I don’t think of those London years very often. Life passes so quickly that living in the now feels imperative. But being back in London with time on my hands 22 years after returning permanently to Australia, the memories came upon me in a flood.

It was late spring. The milky light and warm days made me languorous and nostalgic about those few years we spent living there. Personal memories about people, I find, are very attached to place. I’ve written before about how I find it hard to visualise my long-dead parents because they never visited our current home.

So it has been with my boy (can I truly still call him my boy now that he’s a very much alive 27-year-old, 196cm-tall motorcycle-riding man?). What I mean is, I can’t readily remember the emotional sense I had of parenting him when he was the child in that first day of school photograph.

He was accident-prone – born wriggling and wanting to run. Always hitting his head. Falling. Getting up. Falling again. Running towards danger. A risk-taker. But recall of him in the London years – when we, his parents, were both travelling constantly and serving early-morning and late-evening Australian newspaper deadlines – sometimes lacks definition and detail.

One afternoon recently I hopped on the tube and headed to my old neighbourhood. I planned to visit what was our grungy though welcoming local for a drink. Alas it had transformed into a hyper-expensive steak joint and, even though it was empty, I couldn’t sit and order a drink without also paying extortionately for some Argentinian beef.

I wandered to the nearby common with its perilously steep bitumen path. I felt the trepidation I always experienced when watching the boy careen down it on his scooter always narrowly missing (except when he painfully collected it) the Victorian-era metal bollard at the bottom.

And then there we were, walking hand-in-hand along the high street in the sleet and wind while he fought to stay awake (he developed the weird ability as a four-year-old to sleep lightly while he walked holding my hand).

I walked past what we called the Billy Goat’s Gruff park where one of us would play the troll under the bridge while he traversed the little wooden bridge above. It’s how we met the “weather lady”, a kind woman, in her early 60s back then, who talked endless about the grim winter. She gave our boy a pair of mittens because she was worried about his cold antipodean hands.

I wandered down our old nearby street. Stopped opposite our former home, right about where someone was stabbed 20-something years ago while I cooked dinner inside.

There was the boy on the step, ready for school. And suddenly I could recall how it felt to be me back inside the house.

Memories, disjointed but vivid, competed for attention.
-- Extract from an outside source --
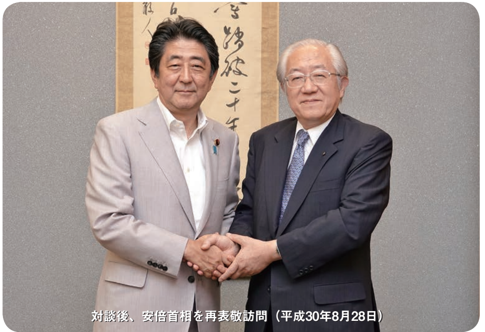
対談後、安倍首相を再表敬訪問(平成30年8月28日)

That first real summer day when the boy’s desire to celebrate the season was so vivid he stripped off all his clothes, as he routinely did in Australia, and ran into the back yard. Later, him sitting on the back step, still buck naked, eating watermelon and spitting pips into the garden.

Next, him sitting on the carpeted bottom step of the internal staircase on the eve of his third birthday. He was weeping uncontrollably. Inconsolably. Had something terrible happened? Was he afraid?
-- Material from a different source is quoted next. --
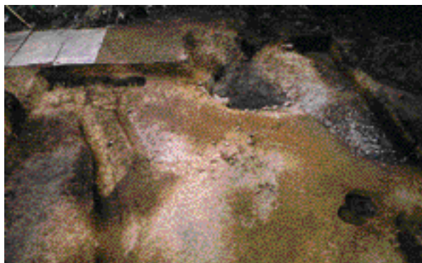
4 史跡木嶋坐天照御魂神社境内(市指定) 右京区太秦森ヶ東町

二条城内で冷泉院の園池跡を確認した。池の南東部分は、平安時代から室町時代まで造り替えられながら続いていた。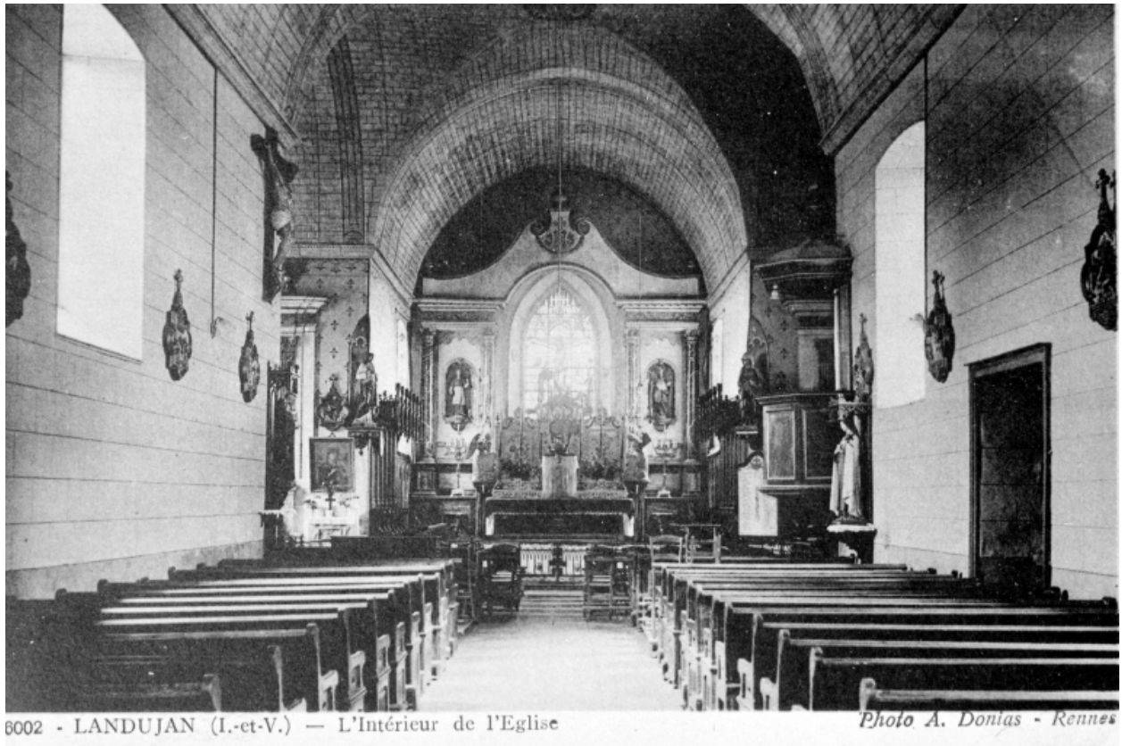
6002 - LANDUJAN (I.-et-V.) — L'Intérieur de l'Eglise

No. He confided that he was devastated that this was his final day as a two-year-old and he would never ever be two again – and he wanted to remember, to cling on to forever, the “feeling of being two”.

He had few friends back then. We’d arrived on a bitterly cold New Year’s Day. We knew nobody in the neighbourhood. We made the most of his third birthday party: the neighbours and their kid from one side and the much older couple from the other (they were probably my age now at the time) came to sing Happy Birthday.

The kind weather lady came. With a present of course.

I left our old street and went to a cafe. Wrote this all down. I’ve never been cheaply sentimental or overly prone to nostalgia. But the feelings this day were a lot.

Snap out of it. I headed back to the tube. And there, on the other side of the road, hunched almost double over her shopping buggy, was the weather lady.

That’s when I really felt time’s arrow.